A1 JIM, YOUR WELCOME, WE DO WORK VERY HARD TO BRING QUALITY REVIEWS. I will say this about this jig it was more in the 500 dollar range. I believe and it will do almost any size MT joint And Daniel has been in the Leigh camp for several years so when they offered to let us review this jig it was a no brainer that he would do the review. I have not got to play with this jig yet but will get my chance when I make my trip north for this years meetings and or conference we try to have once a year.I hope to try this jig out for myself and hope to find it as easy to use as the Leigh d4pro dovetail jig this machine is so superior in set up according to Daniel that once dialed it accurate repeatable work is simple and fun to do no hassle set up is what he talked about for weeks. it was a great little machine. and he has always liked the floating MT joints like the Festool Domino but he loved the Bead lock that is now owned by Rockler. it is simple and fast and Daniel likes easy set up and fast results where I don't care how fast something is as long as it is historically accurate and is a solid joint to make my work first rate. so for me the floating tenons just don't do it but Daniel loves them because the are quick and easy. I hope this addresses your questions Hill Billy Shooter. Thanks for coming to our site and reading our reviews we hope to bring at least 5o reviews in the coming year including all or non tool reviews which will be shop story's like the new Saw Wrights Corner or what ever it ends up being called it features great information on hand saws from Matt Cianci The Saw Wright. Our DeltaGram Archive will grow by Leaps and Bounds this year as we will be releasing several mid month story's on deltagram projects. We are even working on at least three shows to run on our you tube Chanel. And there will be even more great things coming in the future so please keep reading and please send me feedback any time you love or hate something we do. [email protected]


----------



## Gpops (Dec 20, 2008)

I bought the Leigh Super FMT Mortise & Tenon Jig back when they first came out. I had a job and needed to make what seemed a ton of Mortise & Tenons. It was just about $400 and I got all the guides thrown in as a bonus. My experience was that it does the job as advertised but you have to do without a few modifications found on the more expensive original FMT. One complaint on the Leigh Super FMT Mortise & Tenon Jig was the clamping for me was difficult to adjust to fit what I needed to clamp. The slots for the clamps were never where I wanted them to be. I think the Cam clamps on the original would be a much better design and wouldn't flop around and could be tightened with one hand, but that's the tradeoff you pay for.
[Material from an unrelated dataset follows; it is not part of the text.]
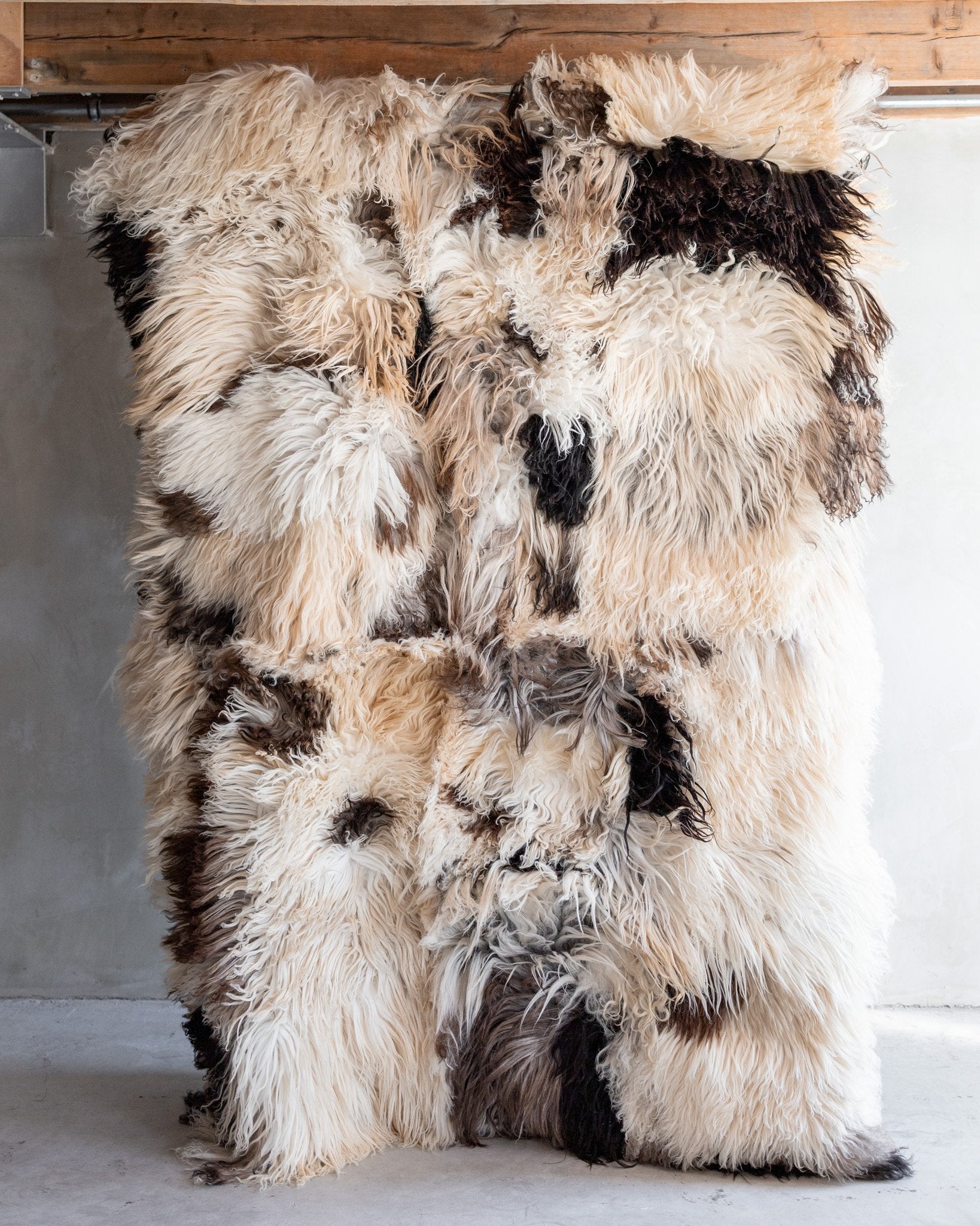 Dit unieke schapenvacht karpet met krullende wol is vastgelegd in een bijzondere foto, en u ontvangt precies hetzelfde karpet als op de afbeelding. Met een wollengte van ongeveer 5 tot 10 cm en een breedte van 150 cm en lengte van 200 cm, is dit handgemaakte karpet perfect voor elke ruimte. Het onderhoud is eenvoudig: regelmatig kammen, uitkloppen, stofzuigen en licht benevelen zorgen ervoor dat het karpet er altijd prachtig uitziet.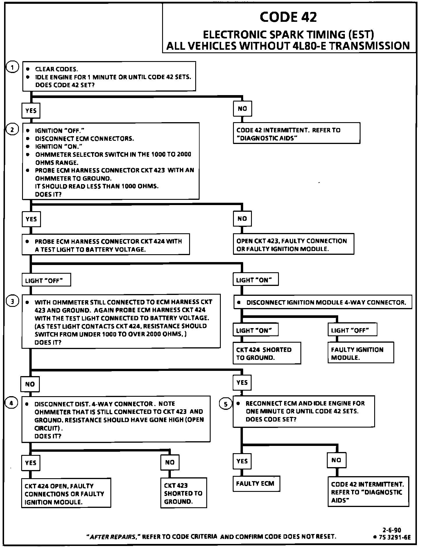 5. Confirms that Code 42 is a faulty ECM and not an intermittent in CKTs 423 or 424.

In the end I think if given another chance I would probably make the same decision because of the large cost difference and go with the Leigh Super FMT Mortise & Tenon Jig again. Just my opinion. pre Festool Domino. Dealt directly with Leigh, fast friendly service.


----------



## Bertha (Jan 10, 2011)

^I just wish it wasn't so darn expensive! I have no doubt that it's worth every penny, but that's a ton of pennies.


----------



## VillageCarver (Mar 5, 2011)

Hey Guys,
I may be recieving a commission to build 14 chairs and 2 tables and looking at the FMT as the best jig
out there. I'm thinking that the Super with all the holes in the front plate may be an advantage as you could attach your own angled fences with a stop block on the bottom to register multible blanks quickly.
Any comments on this. The savings between the Super and the Pro model would allow the purchase of a good router.
Dan


----------



## thedude50 (Aug 13, 2011)

I have only played with the jig while visiting dan in portland but one other machine comes t0o mind for me A woodrat 900


----------